JMA told me the chapel resonates – the G spot, as it were – to B major, for which Francis Jackson catered in the final ‘Amen’ of his canticles. 

After the service I wove my way along the seclusion of New College Lane, skirting Magdalen and New until the back of All Souls came into view with Hawksmoor’s Gothic/Baroque twin towers in silhouette


then shining in the late afternoon sun from west of the Radcliffe Camera.


And the cherry blossom was in full glory in front of St Mary’s on the High Street.


So back to London by 7pm to head for the Marylebone Hotel and talk to heavenly Anne Schwanewilms on Strauss, the role of whose Marschallin she now truly owns. We had a full 95 minutes’ conversation, during which she left me in no doubt that she’s the funniest as well as the wisest soprano I think I’ve ever had the pleasure of interviewing. Some of her comic mannerisms even reminded me of Carole Lombard, another beautiful woman with an earthy streak. Photo below by Javier del Real.

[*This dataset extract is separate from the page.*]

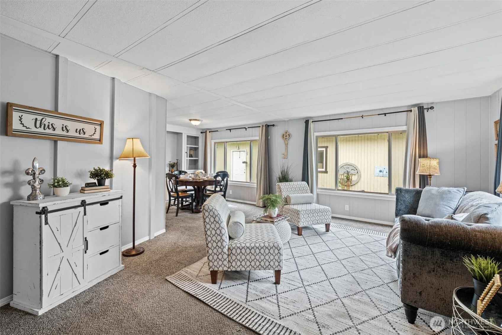 Be the first to check out this charming 3 bedroom home with a large detached garage/shop and on an acre lot. The entry way immediately showcases the extra large living room with wrap around dining room; complete with built-ins that offer extra storage. The ample kitchen is plenty spacious for all your meal preps, and has an informal dining area and bar seating for all your guests. The primary bedroom has a great en-suite bath, and both guest bedrooms are conveniently located near the full sized guest bathroom. The detached is large enough to be used as a full sized garage AND a shop. The property is full fenced and has 2 entry gates for your U shaped driveway. The lot is large enough that it has several uses and still offers more opportunity to bring your ideas, you can use the garden beds, add play toys, or create a haven for all your furry friends, just to name a few. It’s located near shopping, bus lines, and a hop, skip and a jump from the East Gate of JBLM. Call or text for a private tour and make this one yours before someone else does.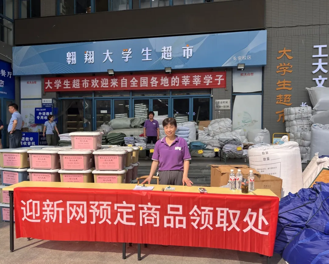 在迎新服务接待点,各位同学和家长可领取免费茶水、酸梅汤。新生接待期间,长安校区翱翔快递站增设大件快递免费送货服务,可在现场登记后送货。

A shame the impersonations of a certain conductor weren’t filmed as well as sound-recorded; I wonder how I’ll transcribe them for the Arts Desk Q&A, due to appear just before her Barbican concert appearance with Sarah Connolly, Lucy Crowe and Mark Elder conducting the LSO (Rosenkavalier excerpts only, alas, but don’t miss them). La Schwanewilms was here for another Wigmore recital, which I went to hear the following evening but didn't review simply because most of the programme was the same as the one I'd covered back in December 2011; even so, her spellbinding narrative skills proved hair-raising in Liszt's 'Die Loreley' and achingly sorrowful in Mahler's 'Wo die schönen Trompeten blasen'.

Much on my mind at the time of the interview was Die Frau ohne Schatten, that extraordinarily hard-to-stage fairy tale creation of Strauss and Hofmannsthal. Anne compared the two productions in which she’d appeared as the Empress – central to Christof Loy’s magic-free psychological study at Salzburg, which she bought though some of her friends didn’t, and coping at the Met with sets so tricky that they sent her to hospital on one occasion in the late Herbert Wernicke's resurrected show: that yielded pretty pictures, she said, into which the singers had to fit as best they could. She came a cropper several times on her mirrored glass slope, pictured below, and on one of those occasions had to make a visit to a New York hospital.


Claus Guth’s Royal Opera production, previously seen at La Scala, strikes a miraculous halfway house between psychoanalytic probing and the supernatural. I’ve waxed lyrical about it over on the Arts Desk and hope to go again towards the end of the run. The cast is uniformly excellent, led by Emily Magee’s sympathetic Empress (pictured below with father Keikobad in another of CliveBarda’s excellent photos).


Communicating with the CBSO’s Richard Bratby about it, I thought he hit the nail on the head when he remarked that he’d never realized what a desperately sad opera it is – and that includes the apotheosis, which worked for me here as never before. I even had a dream the same night about the court-room fantasy which is one of its more extraordinary later tableaux.

As it happened, talks with two fascinating women framed the Oxford visit, making for an exceptional 24 hours. On the Tuesday evening Sioned Williams, principal harpist of the BBC Symphony Orchestra and one of the world’s great soloists, came to talk – and did she just – to my City Lit class about the music she’s been commissioning for her 60th birthday year.


Such wisdom and passion here about the infinite variety of so-called ‘contemporary’ music, above all how you the artist have to find what you like and go with that, and by the same token the composer must know your own special skills and abilities (which of course is how Britten always worked). I was pleased to see Paul Patterson as one of Sioned’s invitees (her very friendly Iranian husband Ali Hosseinian, whose compatriots' music she continues to champion, was there to offer technical assistance, too).


I wish I’d recorded it all – but Sioned, who had been ill and thus wasn’t able to bring her harp this time, will be back in September close to her special anniversary concerts. I’m relieved to say that her home remortgaging to pay for the commissions will now be partly offset by a grant from the Park Lane Group.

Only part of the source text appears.